When the unthinkable happens: Microsoft/Danger loses customer data

Danger is a company acquired by Microsoft in April 2008, which provides synchronization and online data storage for mobile devices, the best-known being the T-Mobile Sidekick.  Here’s the Danger promise:

Data is always synchronized and backed up
Danger-powered devices are always connected to the Danger service. All user data is automatically and securely backed up over-the-air, and emails, photos, and organzier data are automatically synchronized with a Web-based application. All changes that are made on the device are instantly and automatically reflected on the user’s computer, and vice versa.

That dream is in tatters thanks to a currently unspecified server failure. Problems started over a week ago, culminating in this devastating “status update”:

Regrettably, based on Microsoft/Danger’s latest recovery assessment of their systems, we must now inform you that personal information stored on your device – such as contacts, calendar entries, to-do lists or photos – that is no longer on your Sidekick almost certainly has been lost as a result of a server failure at Microsoft/Danger … we recognize the magnitude of this inconvenience.

The word “inconvenience” does not express what some users are experiencing. Here’s an example:

I too have lost business contacts (over 200), family and friends mailing, email address & phone #. Good luck now with holiday cards.  Without my calendar, I now have no clue when all my upcoming appts are.  In addition, I have lost passwords, account codes and my gym workout routine.  I was unable to do my side jobs over the past two weekends without these codes.  To recover the information will take hours of my time worth way more than the month of service credit in addition to the money I have already lost not being able to work.

The entire reason I chose to stay with the sidekick and renew with t-mobile was because of the piece of mind knowing that my data information was backed up to an online system. 

So what next? People are drawing a variety of conclusions, the most obvious being either that the cloud can never be trusted, and/or that Microsoft can never be trusted. Of course there is no such thing as total data (or any other kind of) security, but risks can be minimized, and in the absence of nuclear war, earthquake or volcanic eruption this looks inexcusable – but bad things happen.

The company is promising an update tomorrow (October 12th). Personally I doubt that the data is really irrecoverable, knowing a little about what data forensics can achieve, but it may be economically irrecoverable. Still, the best thing Microsoft could do would be to announce that it can get the data back after all. Failing that, we need to understand as much as possible about what went wrong so that we can make our own judgment about what to conclude.
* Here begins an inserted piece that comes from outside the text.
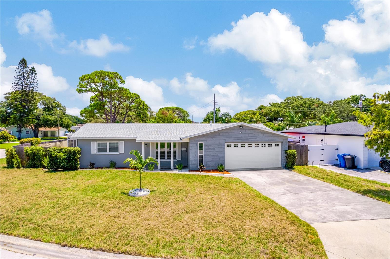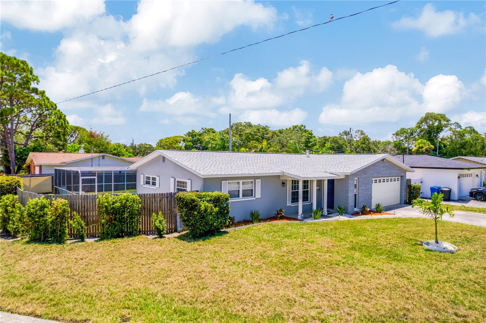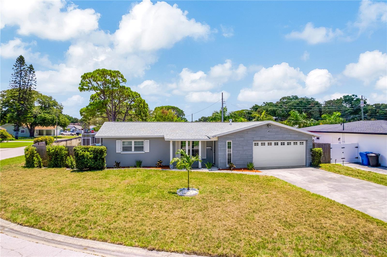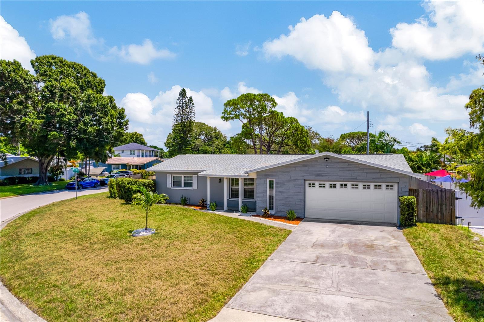 WELCOME TO THIS DELIGHTFULLY RENOVATED St Pete BEAUTY!! Located in St Pete's Highly Sought After Pinellas Point Neighborhood!!! This Completely Updated 3 Bed/2 Bath/2 Car Garage, POOL HOME on a Large, Pie-Shaped, Corner Lot is Absolutely Turn-Key! From the moment you step inside, you’ll feel the Comfy, Cozy Vibe of this Open Floor Plan Design with Plenty of Windows that allow lots of Natural Light to Flow Through! The Neutral LVP Flooring in all the main living areas is not only Nice Looking, but also Easy to Maintain! From the Foyer Entryway is a Living Room Space that could be great for quiet reading or good as an "At Home Office" with a Window View! The Spacious Kitchen boasts Beautiful Granite Counters, Crisp-Bright Shaker Style Cabinets, Undermount Single Basin Sink, Stainless Steel Appliances & a Breakfast Bar that overlooks the Dining Area from one side and is open to the Family Room on the other Side! This type of layout is Perfect for Entertaining family & friends or keeping Or watching TV while preparing a meal. You will Love the View of the Sparkling In-Ground Pool from the Glass French Doors in the Dining Area. The Roomy Primary Bedroom Retreat offers Soft Carpet for when you step out of bed, additional Glass French Doors that open to a Walk-In Closet and en-suite Bathroom with Granite Counters, Undermount Sink and Stall Shower. Your Outdoor Backyard Retreat provides a Covered Patio for Dining in the Shade, as well as a Large Screened Lanai Deck Area for Grilling Out & Sunbathing or Swimming & Cooling Off in the Pool! You can even Roast Marshmallows over the Fire Pit and gaze at the stars in the Shell Covered Side Yard space! You’ll appreciate having a Longer Driveway for Extra Parking Space and will enjoy Relaxing on the Front Porch watching the Glorious Florida Gulf-Coast Sunsets! This Great Home is Just Minutes from the Beach and near Numerous Fantastic Restaurants, Entertainment, Shopping, Arts and All the Amazing St Pete Area has to offer! Nothing left to do in this home except unpack the Truck and Love where you live! Come See it TODAY!

Presuming that the data does not reappear, this is going to get messy. What happens when the marketing information says one thing, but the small print says another (as is often the case)? One user found this in his contract:

The services and devices are provided on an “as-is” and “with all faults” basis and without warranties of any kind

which may well be typical. Then again, what about T-Mobile’s relationship with Microsoft?

Finally, while I accept that data may be safer in a cloud service provider’s data centre than on my cheap local hard drives, it is also obvious that cloud + local backup is even safer. Apparently this is one thing that Danger made somewhat difficult, and I’ve known this to be true of other cloud-based services.

Update: rumour has it that this was a failed SAN (Storage Area Network) upgrade without a backup. Further rumours of the poor state of Danger (and Windows Mobile) within Microsoft are in this RoughlyDrafted article.

One thought on “When the unthinkable happens: Microsoft/Danger loses customer data”

  1. I am confused though. The person who claims to have lost so much data, why would those details have been deleted from their mobile?

    I can understand if it assumed the cloud service was more current than the phone and so deleted what was missing. However I would expect this service to not do that but in fact always assume the mobile is more current.

    This is however why I still use traditional e-mail instead of GMail, Hotmail, etc. I do not trust anything in the cloud and never will. You simply do not know the companies backup policy.